5. Advanced Process Control (APC)

  • Objective: Automate and optimize plant operations in real-time.
  • Strategies:
    • Use APC systems to control key process variables, such as column pressures, temperatures, and reflux rates.
    • Implement predictive maintenance systems to monitor equipment health and prevent unplanned downtime.
  • Outcome: Improved process stability, higher throughput, and reduced operational risks.

6. Addressing Operational Bottlenecks

  • Objective: Identify and resolve inefficiencies in equipment or processes.
  • Strategies:
    • Conduct regular performance audits to identify bottlenecks in compressors, heat exchangers, or distillation columns.
    • Upgrade or replace outdated equipment with more efficient technologies.
    • Optimize maintenance schedules to minimize downtime and maximize equipment availability.
  • Outcome: Increased plant capacity and reduced operational costs.

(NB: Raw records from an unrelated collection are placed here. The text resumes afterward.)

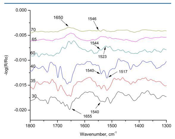 圖8顯示了HI-Langmuir單層在10 mN m處的p極化 ? 1在30、35、40、60、65和70°的六個不同角度。 在布儒斯特角之前,30、35和40 mN/m處的角未顯示出β片的特征帶。 所有三個角度顯示1655和1540厘米處的條紋 ? 1分別對應(yīng)于酰胺I和酰胺II吸收。 這條帶子在1517厘米處 ? 1,對應(yīng)于α-螺旋,在35°和40°中存在。 在布儒斯特角之后,所有60、65和70°的三個角都顯示出介于1650和1655之間的帶,這對應(yīng)于α-螺旋中的酰胺I吸收。 當角度為60°時,在1523 cm處可以看到峰值 ? 1,對應(yīng)于β片。 光譜中的其他譜帶都不是α-螺旋或β-片的特征。 光譜表明HI在空氣中以α-螺旋的形式存在 ? 水界面。 在10 mN m的恒定壓力下,隨著角度的增加 ? 1,發(fā)現(xiàn)光譜中的α-螺旋特征減少。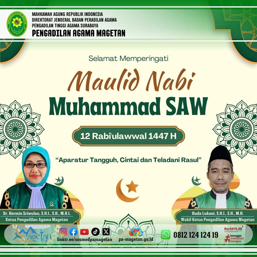 Selamat Memperingati Maulid Nabi Muhammad SAW (12 Rabi'ul Awwal 1447 H) Written by Admin on 05 September 2025. Written by Admin on 05 September 2025. Hits: 238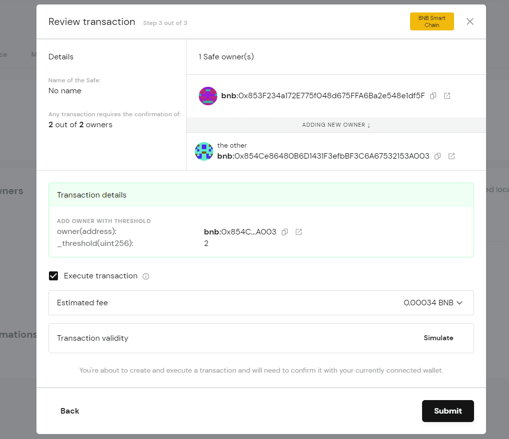 • You pay a gas fee to open a vault on your network of choice (e.g., Ethereum). The first Metamask account that created it is the owner of the Safe.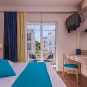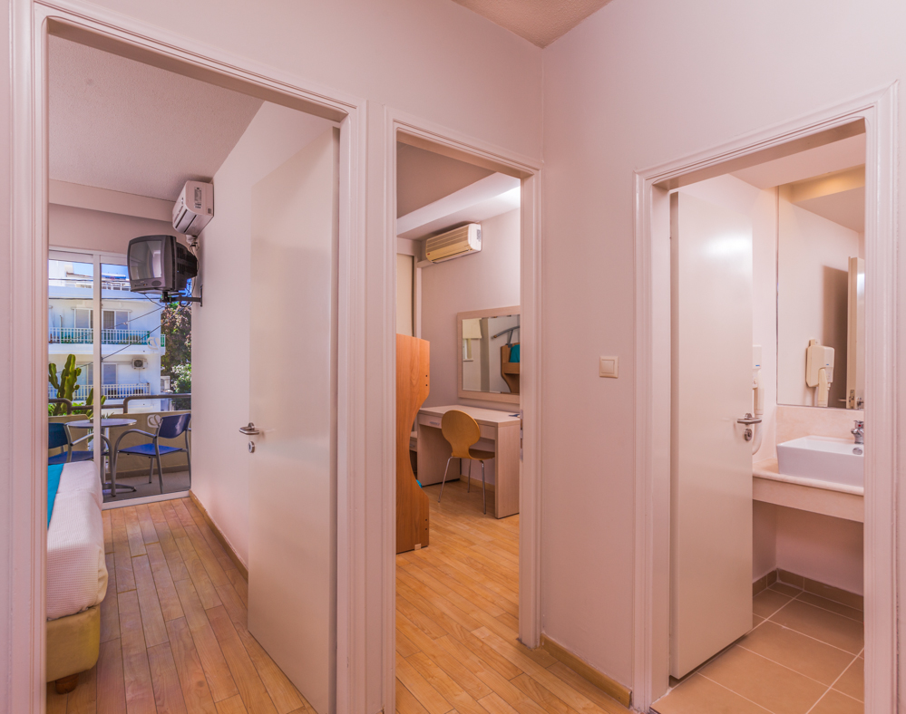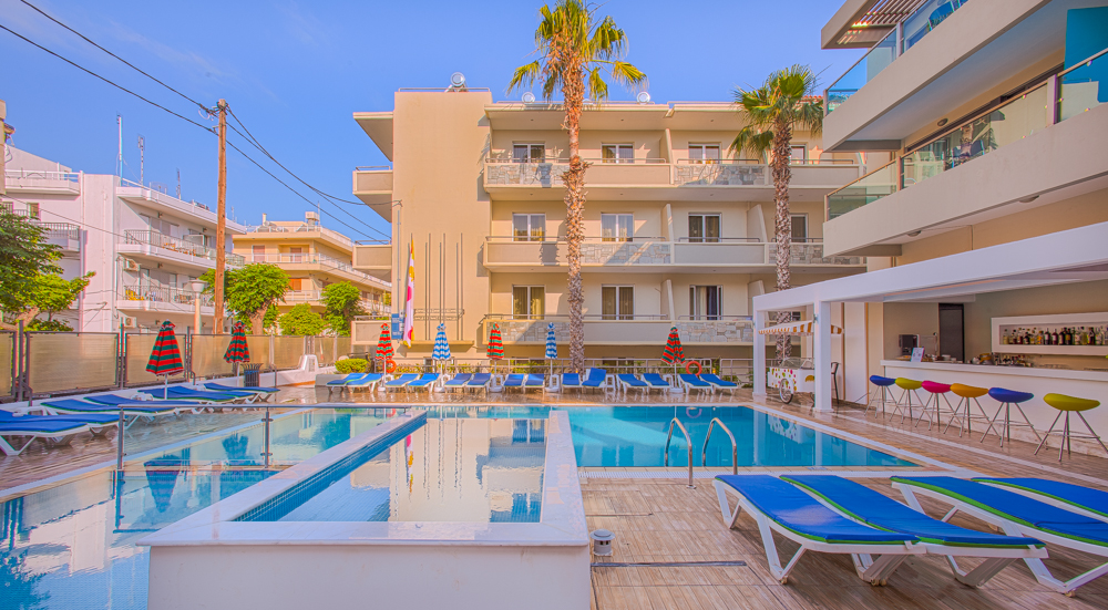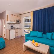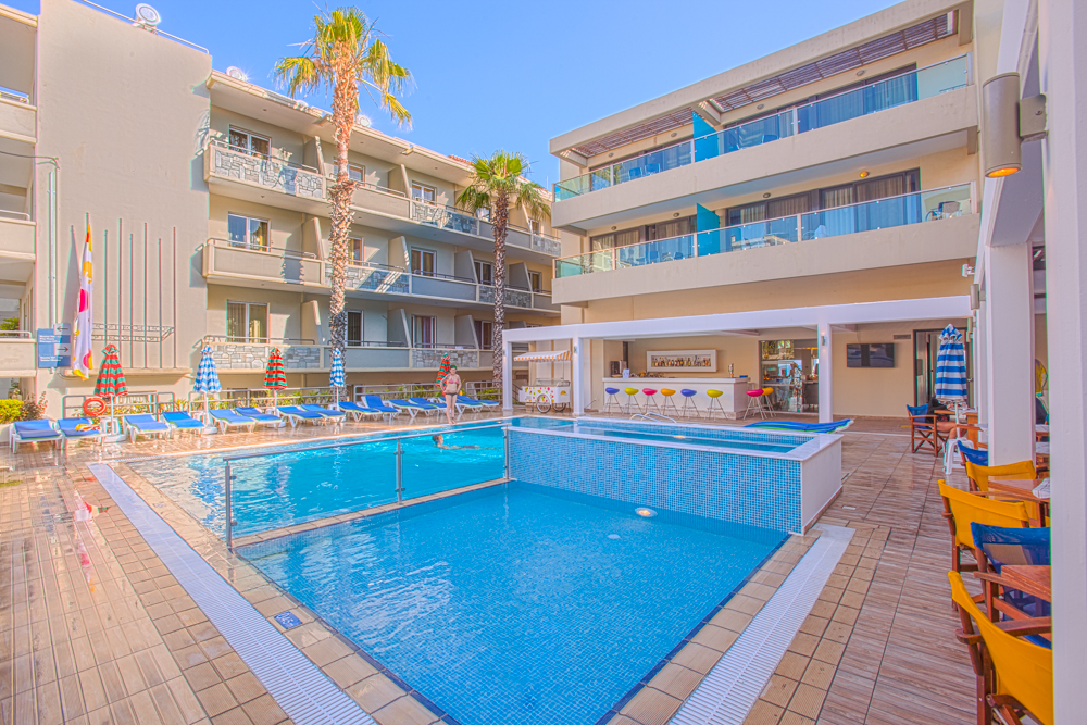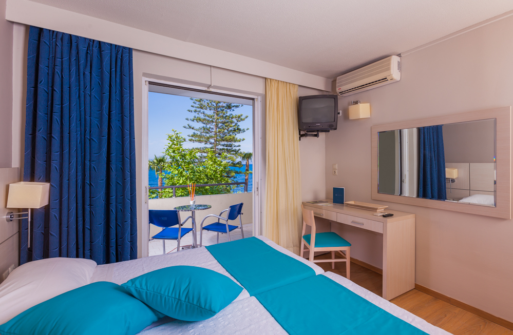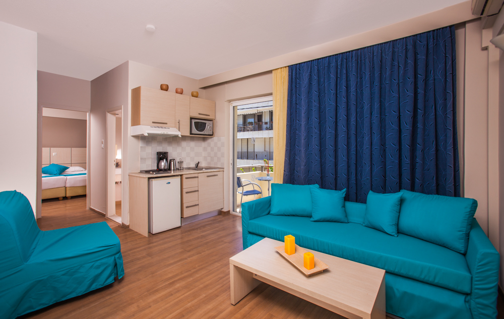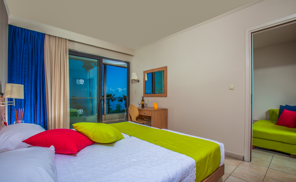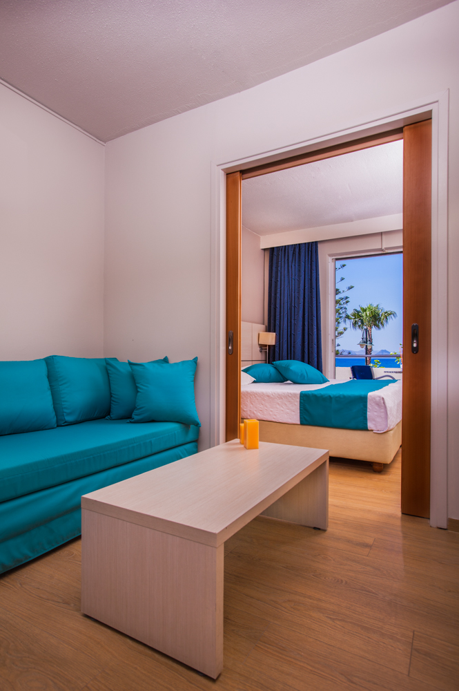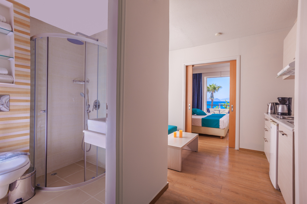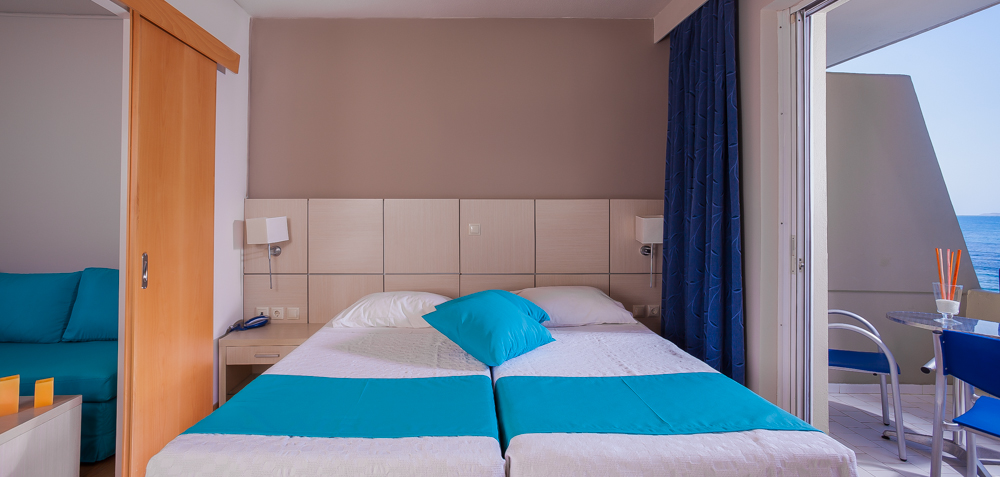 A scelta si possono prenotare appartamenti vista piscina e vista mare, che si trova proprio di fronte.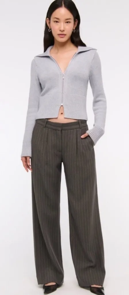 Cozy, classic, and effortlessly stylish. This Abercrombie gray zip-up cardigan features a chic colla... Show more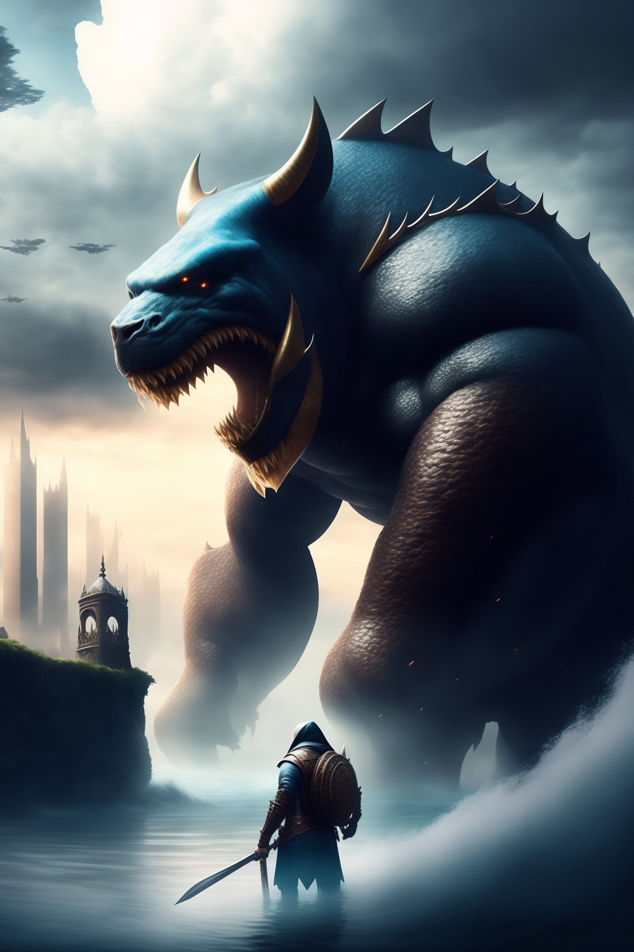Monstruo atacando una ciudad, este monstruo es de tipo agua con grandes cuernos, imagen estilo fantasía con toques medievales
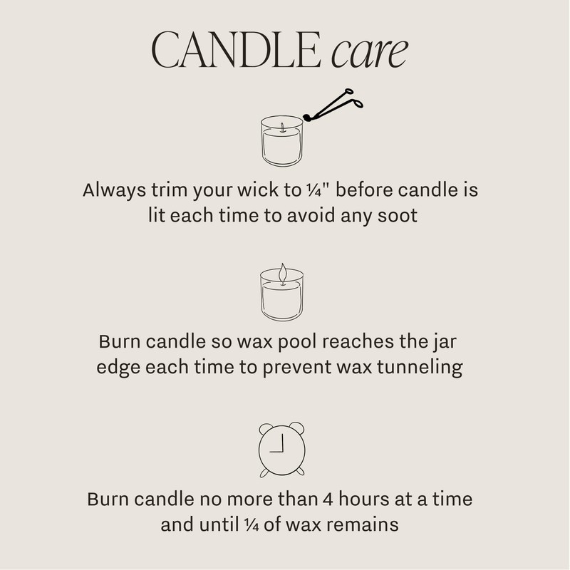 - CANDLE CARE: Trim Your Wick to 1/4" Before Candle is Lit Each Time to Prevent Soot | Burn Candle So Wax Pool Reaches the Jar Edge Each Time to Prevent Wax Tunneling | Burn Candle No More Than 4 Hours at a Time | Do Not Burn Candle with Less Than a 1/2" of Wax Remaining | Keep Candle Away From Fans, Open Windows, Hot Surfaces, Children, Pets | Never Leave a Burning Candle Unattended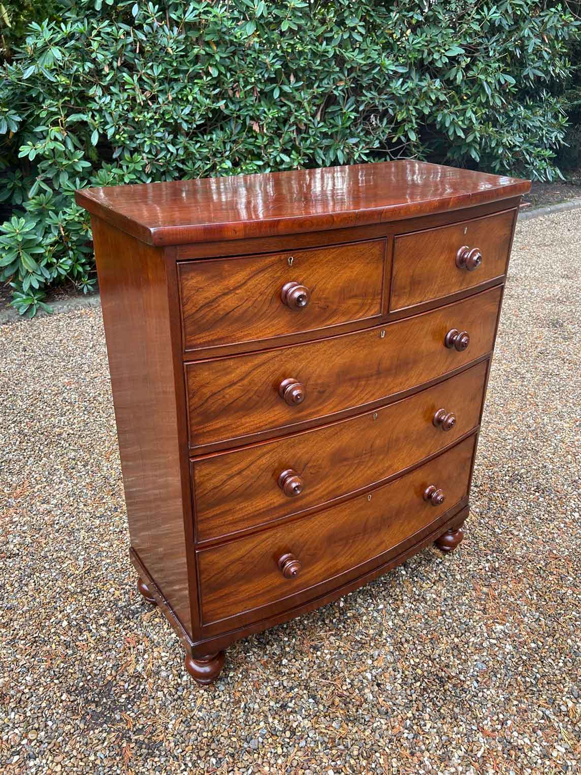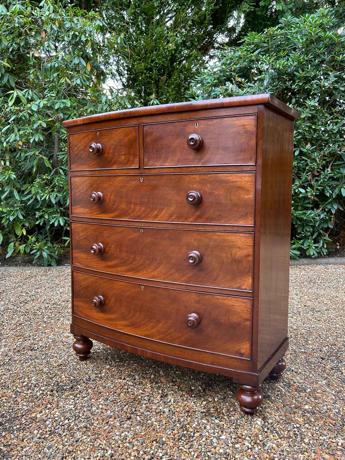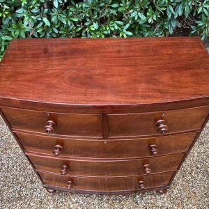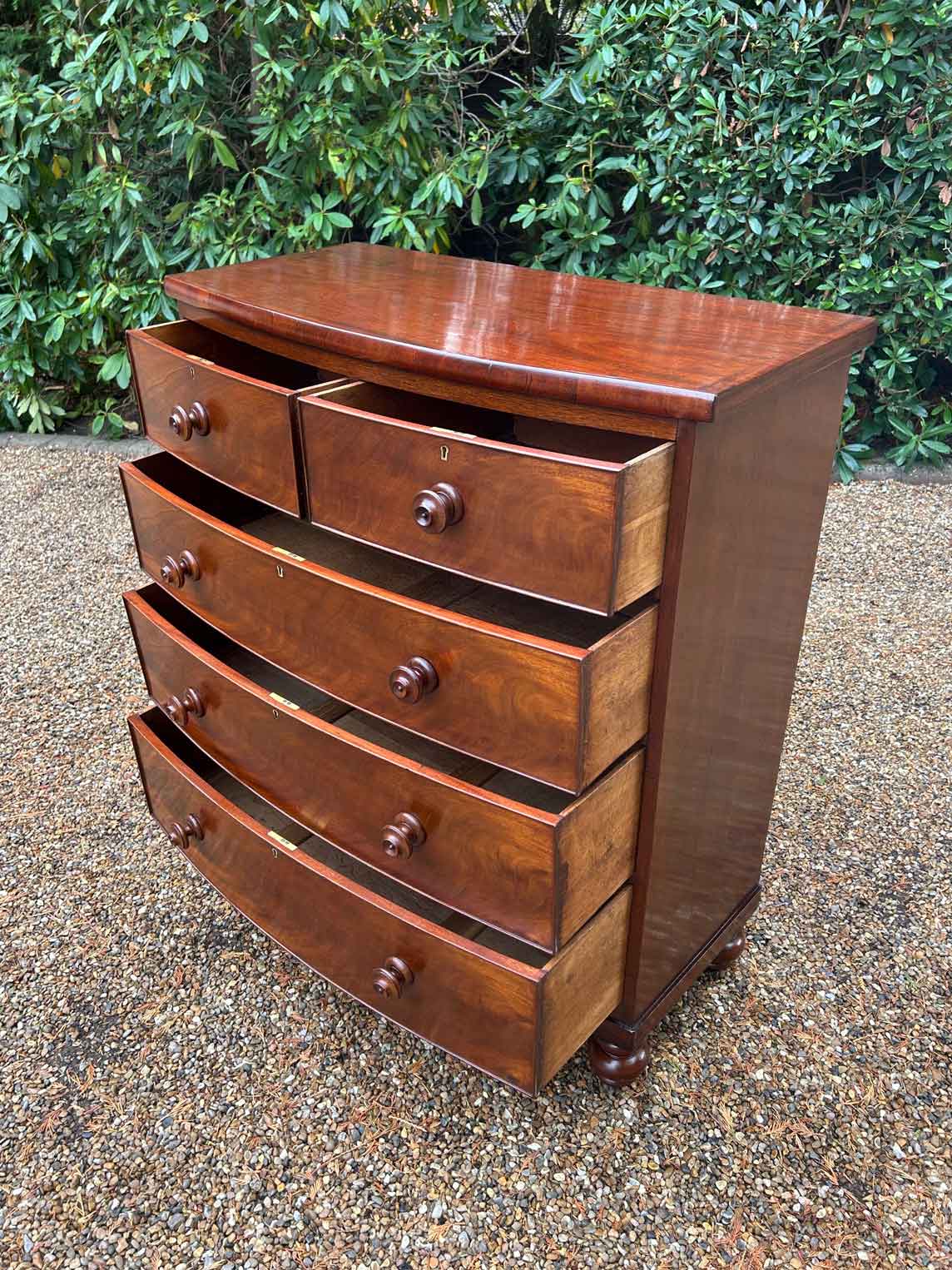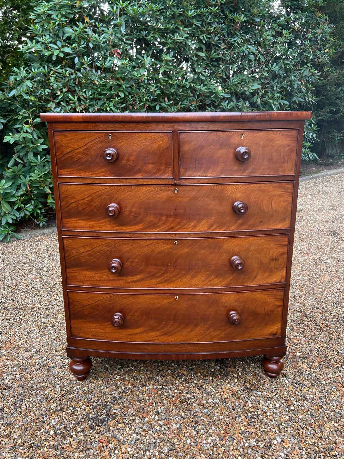 A 19th Century Mahogany Bow Fronted Chest of Drawers, with two short and three long graduated oak lined drawers with turned bun handles raised upon turned feet.
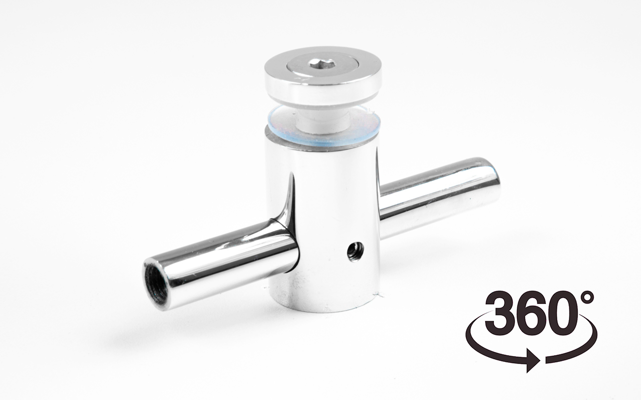 Спайдерный стеклодержатель для стекла 10 мм (5+5 мм), полированный, регулируемый. Марка стали -  AISI 201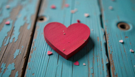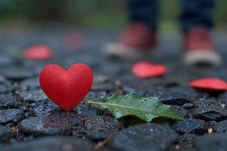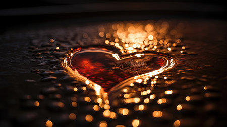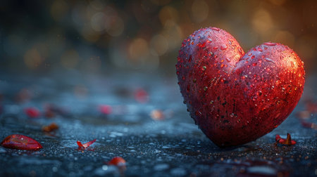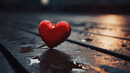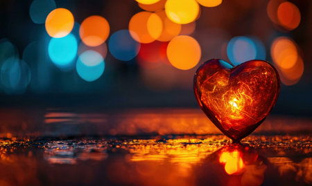 A solitary heart symbolizing love and romance stands against a chilly backdrop, with warm light caressing its edges. A.I.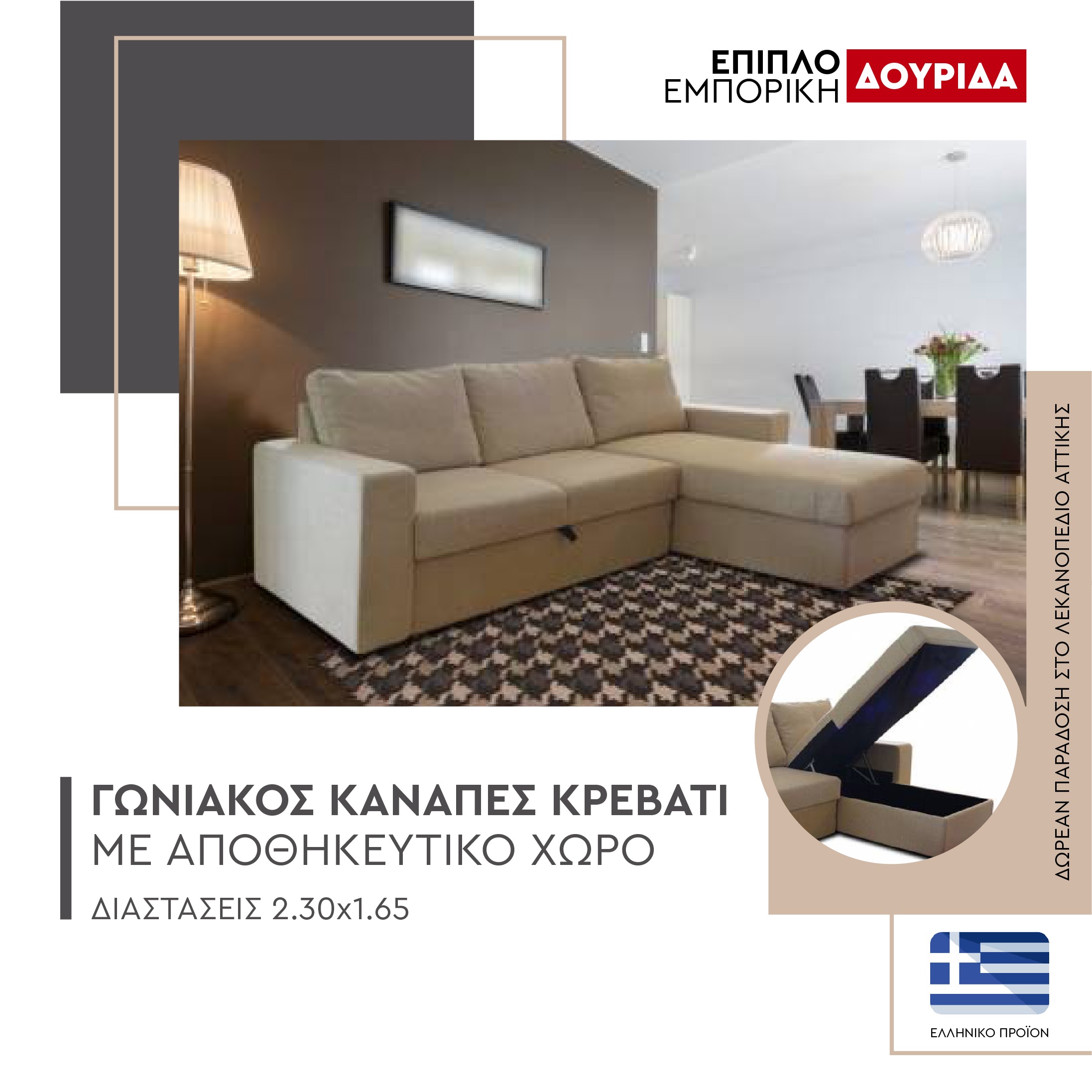 Γωνιακός καναπές – κρεβάτι με αποθηκευτικό χώρο. Ελληνικής κατασκευής από ξύλο οξιάς. Διαστάσεις: 230*165 και αλλαγή πλευρά γωνίας.

Case Study: Optimizing a Gas Processing Plant in the Middle East

A gas processing plant in the Middle East faced challenges with low NGL recovery rates and high energy consumption. The following optimization strategies were implemented:

  1. Process Simulation: A detailed simulation model was developed to identify inefficiencies in the cryogenic turboexpander plant.
  2. Heat Integration: The heat exchanger network was optimized using pinch analysis, reducing refrigeration loads by 15%.
  3. Advanced Control: An APC system was installed to optimize column pressures and temperatures, improving NGL recovery by 5%.
  4. Energy Efficiency: Compressors were retrofitted with VFDs, reducing energy consumption by 10%.

Results:

  • 20% increase in NGL recovery.
  • 15% reduction in energy consumption.
  • Payback period of less than 2 years.

Environmental and Economic Benefits

  1. Reduced Emissions: Energy efficiency improvements and waste heat recovery systems lower greenhouse gas emissions.
  2. Cost Savings: Optimized processes reduce energy consumption, maintenance costs, and downtime.
  3. Increased Revenue: Higher NGL recovery rates and improved product quality generate additional revenue.
  4. Regulatory Compliance: Advanced technologies and optimized processes help plants meet stringent environmental regulations.

Conclusion

Process optimization is a powerful tool for enhancing the performance and profitability of gas processing plants. By leveraging advanced simulation tools, energy efficiency improvements, and advanced process control systems, operators can overcome challenges, reduce costs, and maximize product recovery. As the industry continues to evolve, process optimization will remain a critical focus area for achieving operational excellence and sustainability.